■ **Directions for this task**:
Copy, word for word, the lines below from the one containing "17.0 | 17.0 | ||||||" up to and including the one containing "แบบฝึกเพื่อพัฒนาทักษะการคิดเลขเร็ว ชั้นประถมศึกษาปีที่ 2", with pictures left out.

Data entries
━━━━
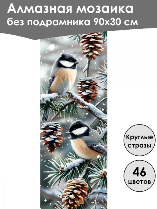 Алмазная мозаика 90×30 см собственного производства без подрамника. В картине используется до 50 оттенков для глубины цвета и плавных переходов. Надёжный клеевой слой не сохнет месяцами, стразы (26 граней) яркие, высокого качества и не отлетают. В наборе присутствуют дополнительно ZIP пакеты, номера и инструменты, для удобства работы со стразами. Картина защищена непрозрачной бумагой. Схема напечатана водными пигментными чернилами (без свинца и запаха) в светлых пастельных тонах для комфортной работы. Плотный полухлопковый холст легко разглаживается и не мнётся. Доставляется в бурой коробке. После сборки мозаика выглядит яркой и эстетичной. Узкие края предназначены для оформления в багет или обычную рамку. На изображении две синички сидят на заснеженных ветках ели, окружённые шишками, на фоне падающей снежной крошки; птицы выглядят уютно, с пушистыми перьями, подчёркивающими зимнюю атмосферу.
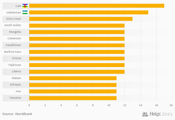 | Central African Republic | ... | ... | ... | ... | ... | ... | ... | ... | ... | ... | ... | 17.0 | 17.0 | 17.0 | 17.0 | 17.0 | ||||||
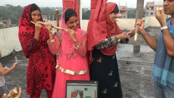 ↓写真撮影のあとはみんなでサトウキビをかじる、の図。
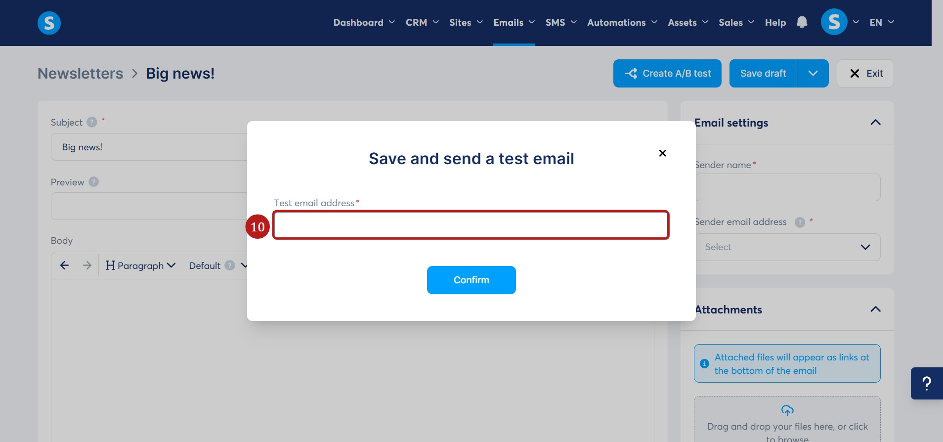 You can also change the test email address directly from the editor of your newsletter or your campaign email.
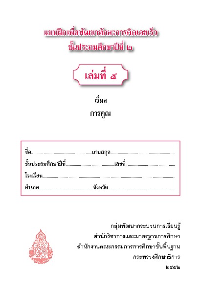 แบบฝึกเพื่อพัฒนาทักษะการคิดเลขเร็ว ชั้นประถมศึกษาปีที่ 2 เล่ม 5
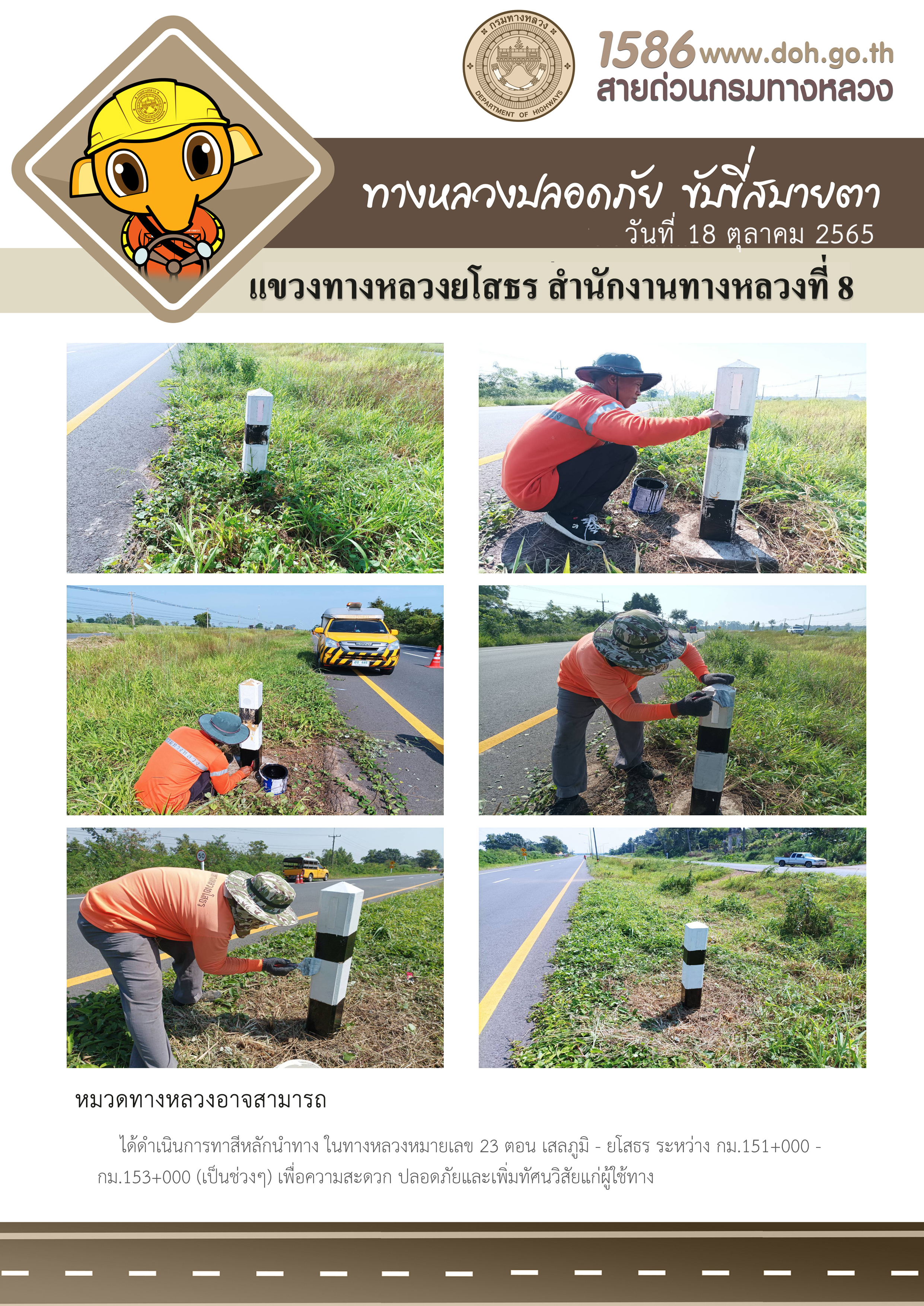 - [15:24] ทั่วไป วันจันทร์ที่ 20 เมษายน 2569 หมวดทางหลวงยโสธร ได้ดำเนินการถอดแบบพร้อมติดตั้งแบบเกาะกลางถนน ในทางหลวงหมายเลข 2169 ตอน ยโสธร - กุดชุม ระหว่าง กม.3+000 - กม.3+400 เพื่อความสะดวกปลอดภัย และเพิ่มทัศนวิสัยแก่ผู้ใช้ทาง
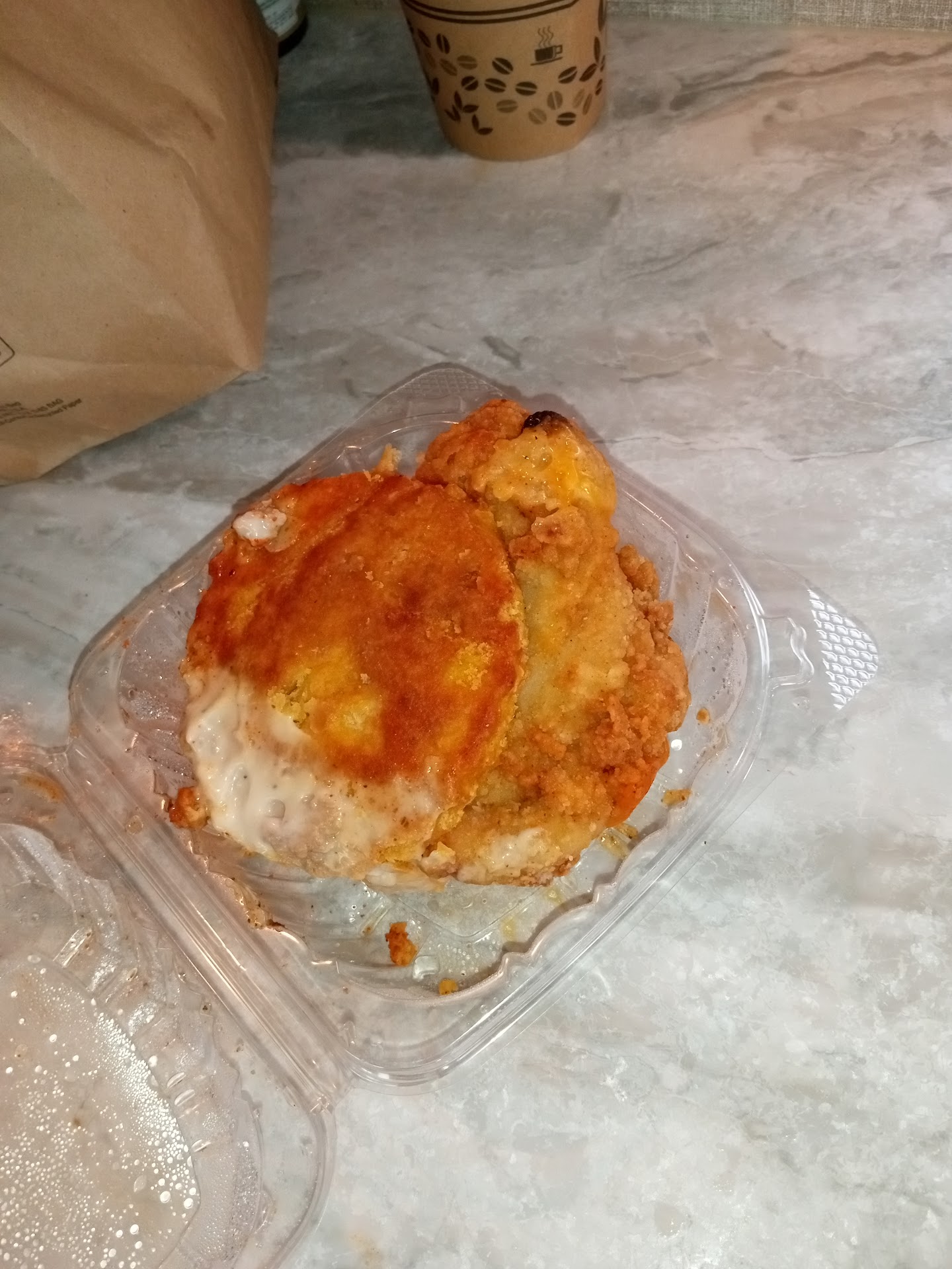 [ ] Hella Fitzgerald ā This is fried chicken with bacon, cheddar cheese, and sausage gravy. I also selected the sweet potatoe biscuitā¦.Here we goā¦.To start, unfortunately, the chicken did not taste fresh. It appeared to be precooked and warmed when ordered. I know freshly fried chicken, and this wasnāt it. The chicken skin lacked a crunch and was soggy. It was tepid and lukewarm to the touch. The bacon was good, though, as well as the sauce gravy. The biscuit lacked the distinctive sweet potatoe flavor I was hoping for, but I could taste a hint of it. The biscuit itself also seemed to be precooked and warmed later. It wasnāt fluffy or flaky. To be honest, Iām not sure what this was or what to call it, but this was not it for me.
━━━━
■ **Result below**:
 | Central African Republic | ... | ... | ... | ... | ... | ... | ... | ... | ... | ... | ... | 17.0 | 17.0 | 17.0 | 17.0 | 17.0 | ||||||
 ↓写真撮影のあとはみんなでサトウキビをかじる、の図。
 You can also change the test email address directly from the editor of your newsletter or your campaign email.
 แบบฝึกเพื่อพัฒนาทักษะการคิดเลขเร็ว ชั้นประถมศึกษาปีที่ 2 เล่ม 5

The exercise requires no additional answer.